If you don’t eat vitamin C foods on a daily basis, you should start. Experts recommend that you consume them every day for the benefits this nutrient has for health.
Vitamin C (ascorbic acid) is a nutrient that our body needs to carry out different processes. But, since our body is not capable of producing it, it is necessary to obtain it through the diet.
We all know that oranges are a source of vitamin C but, despite the fact that this citrus has taken all the fame, there are many other foods rich in this nutrient that have a higher quantity than oranges offer us.
For example, red bell peppers, green bell peppers, kale, broccoli, cauliflower, strawberries, pineapple, kiwi, and other citrus fruits provide you with large doses of vitamin C.
Being present in so many foods, most people get the amount their body needs from dietBut those who do not eat a healthy diet may be deficient in vitamin C.
Make sure you take the recommended daily amount because vitamin C has all of these health benefits backed by science:
- Helps heal wounds.
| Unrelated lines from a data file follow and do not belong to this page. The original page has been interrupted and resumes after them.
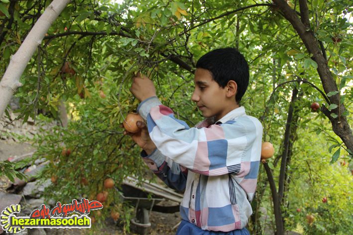 این نوجوان فعال با اشاره به فعالیت روزمره خود ادامه می داد: هر روز ساعت 5 صبح بیدار می شوم و تا ساعت 7 درختان را آبیاری می کنم و سپس مسافت 35 دقیقه ای تا مدرسه را بدلیل آنکه خانه ما در پایین روستا و در باغات قرار دارد طی می کنم ، پس از آن از مدرسه که بازگشتم به امورات خانه و باغ می پردازم و الان هم که فصل برداشت انار است هر روز تا نزدیکای ساعت 23 انارهای ترش را برای رب انار جدا و آماده کرده و از ساعت 23 تا 24 هم به درس خواندن مشغول می شوم و معدل درس خواندنم هم 19/65 صدم است.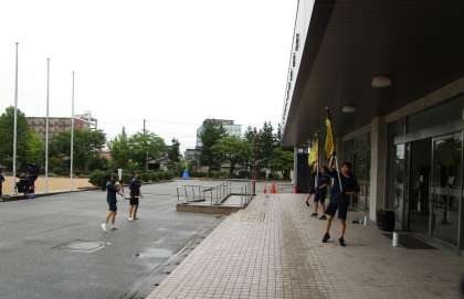生徒玄関の屋根の下では、吹奏楽部が活動しています。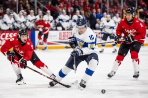 Beaudoin made it 5-3 with under three minutes to go before the intermission, but the Finns, who picked up a chippy 6-3 victory over Canada in a July exhibition game, responded 35 seconds later when Vesterinen jumped on a Keaton Verhoeff turnover and roofed his shot past George’s right ear.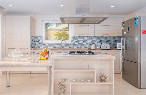 The villa is just a few minutes’ stroll to two popular beach clubs, which offers a variety of water activities, perfect for the young at heart, and an opportunity to swim in the calm warm waters of Kalamar Bay. Ideal for families and larger groups, looking for beautiful places to relax in.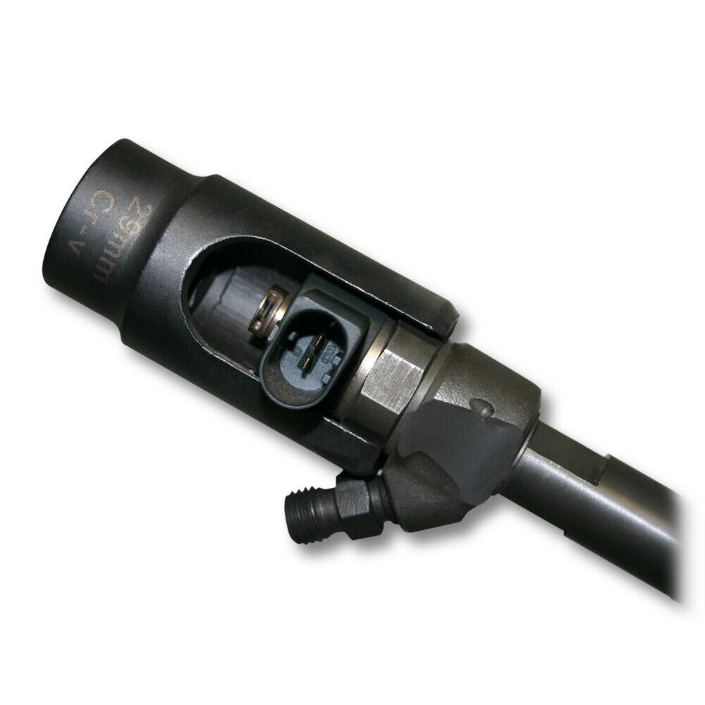 Vous recevrez aussi une douille spéciale avec vis à tête hexagonale (surplat 29 mm) et un embout carré de 1/2", qui s'ouvre latéralement pour démonter facilement la tête de la buse de l'injecteur, approprié entre autres pour les marques Bosch, les moteurs CDI et les gammes Mercedes OM 611, 612, 613.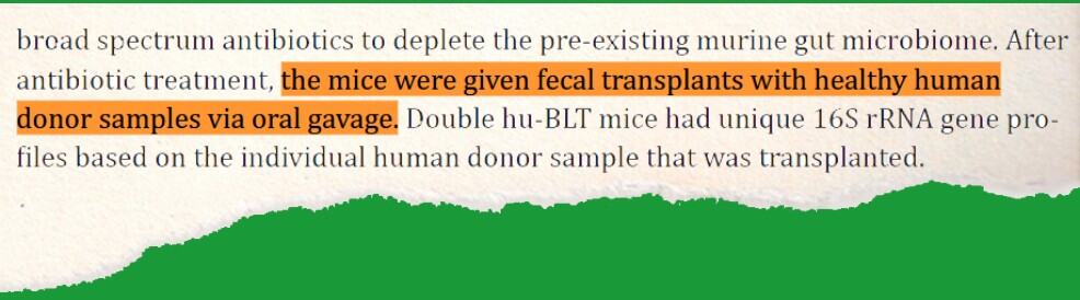 In one of the ‘crappiest’ Fauci-funded experiments we’ve ever discovered, “double humanized” BLT mice “were given fecal transplants with healthy human donor samples via oral gavage.”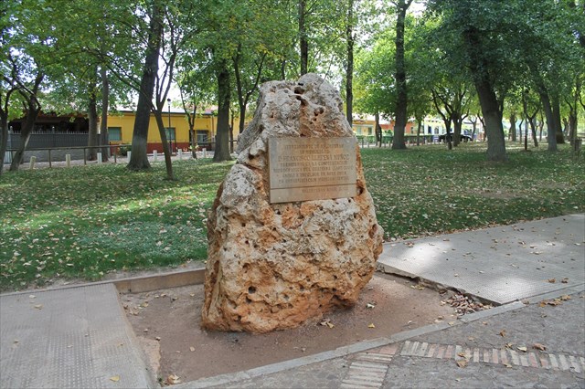 ¡¡ OJO !! Las coordenadas proporcionadas inicialmente corresponden a una gran piedra que se encuentra en el paseo de los plátanos, muy cerca de la entrada. En ella se encuentra una inscripción que recuerda que hace pocos años todo el paraje fue restaurado. Será un buen punto de partida para nuestro recorrido.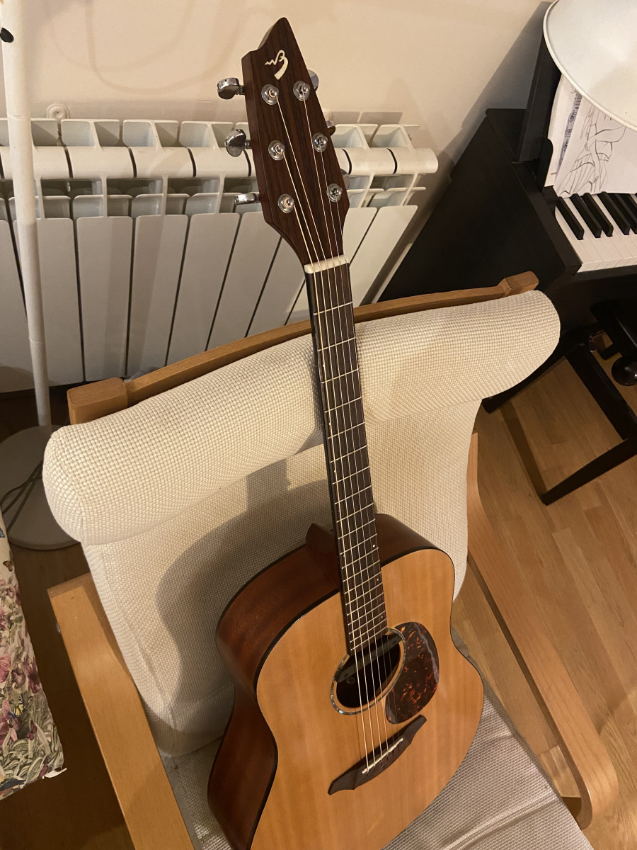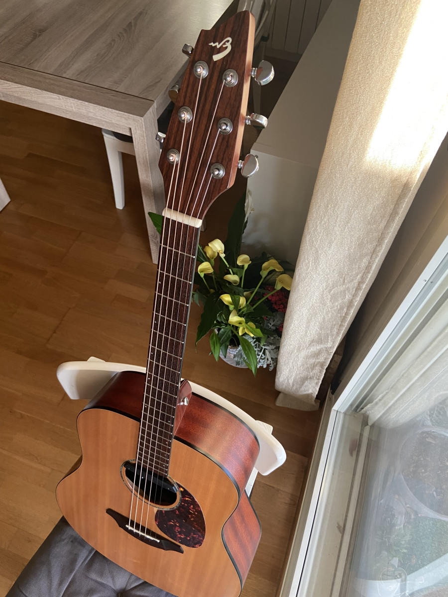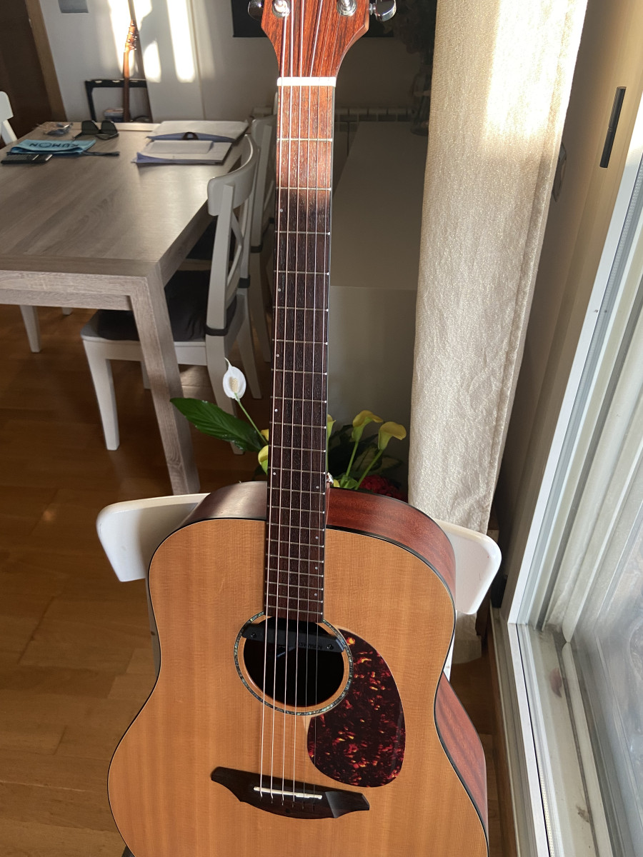 La guitarra es un instrumento cojonudo: suena y se toca como un instrumento de nivel, muy cómoda. No diré que es como la Furch, pero no se queda lejos, es una gran guitarra.

Vitamin C is an essential component of connective tissue and plays an important role in wound healing.
- Has antioxidant effects. Ascorbic acid has antioxidant properties, so it can help prevent cell damage and health problems related to oxidative stress.
- May increase collagen production. Vitamin C is necessary for our bodies to produce collagen, and that is why it is a key ingredient in many skin care products.
- May support heart health. The studies suggest that taking vitamin C can reduce the risk of coronary heart disease.
- May improve eye health. Scientific evidence reveals that vitamin C can help prevent or treat age-related macular degeneration and cataracts.
- Improves iron absorption. Vitamin C helps the body absorb iron, so it is highly recommended to prevent a deficiency of this mineral.
Although vitamin C has many health benefits, experts caution that exceeding the recommended daily dose is also harmful and it can lead to digestive problems or cause kidney stones. The daily amount must be adapted to the person according to their age, for example a 1 year old baby only needs 40 mg, while an adult woman should take 75 mg.